She connected with musicians and did a lot of street teaming to promote herself, and forced herself to get over her shyness.

For a year at Crown Station, she hosted Singer/Songwriters & Poets in the Round, a showcase of five different acts who took turns sharing their own material. One night, the theme was animals, which yielded the seeds of the cautionary song "Shortcuts and Wolves." The cheeky fairytale appears on her upcoming album, Work in Progress.

"It was so electric seeing art come to life onstage," Jay says. "That's what was really cool about the series. It was a way to cast a wider net and introduce myself to all sorts of new listeners."

Jay's a far cry from the shy performer she used to be. She incorporates comedy and games to improv in her shows. For the crowd-pleasing "Cell Phone Song," she invites audience members to show her their text messages and then incorporates them into the lyrics on the spot. It's a great hit.

"I want people to walk away from my shows with an experience," Jay says, "memories of me putting your story into a song, singing a text your girlfriend sent you."

It's this commitment to live energy and real connection that sets Jay apart.

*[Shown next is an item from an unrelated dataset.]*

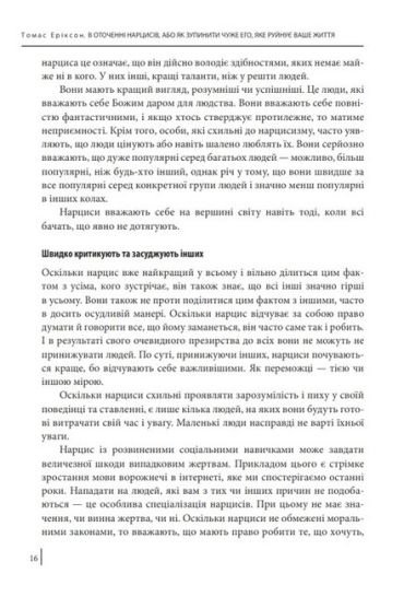 Автор міжнародних бестселерів Томас Еріксон ділиться своїм секретом поводження з нарцисами. Якщо ви втомилися від їхнього постійного вимагання уваги, абсолютної впевненості у своїй правоті, потреби контролювати всіх і все навколо, ця книга допоможе зберегти здоровий глузд. За допомогою чотириколірної поведінкової моделі, відомої з книги «В оточенні ідіотів», Еріксон надає всі необхідні інструменти, щоб справитися не лише з нарцисами навколо вас, а і з нарцисичною поведінкою, яка стає все поширенішою завдяки соціальним мережам. Томас Еріксон допоможе вам зрозуміти, як з ними поводитися, не виснажуючи себе.

Some performers have guitar chops for days, but without that connection they ultimately are just playing at you. Though she left Charlotte for Nashville in October, she frequently returns to North Carolina. She played a house concert in Winston-Salem on Nov. 29, and has been releasing songs from Work in Progress one by one. This month, members of her VIP list will receive the entire album.

Her latest single, "Do Something," takes an upbeat, Motown pop feel as she exhorts listeners to stop over-thinking it and get something started. It too is from Work in Progress, which Jay expects to drop in early 2015.

"Progress is about the work that still needs to be done," Jay says. "It can be hard. But it's a lot of fun."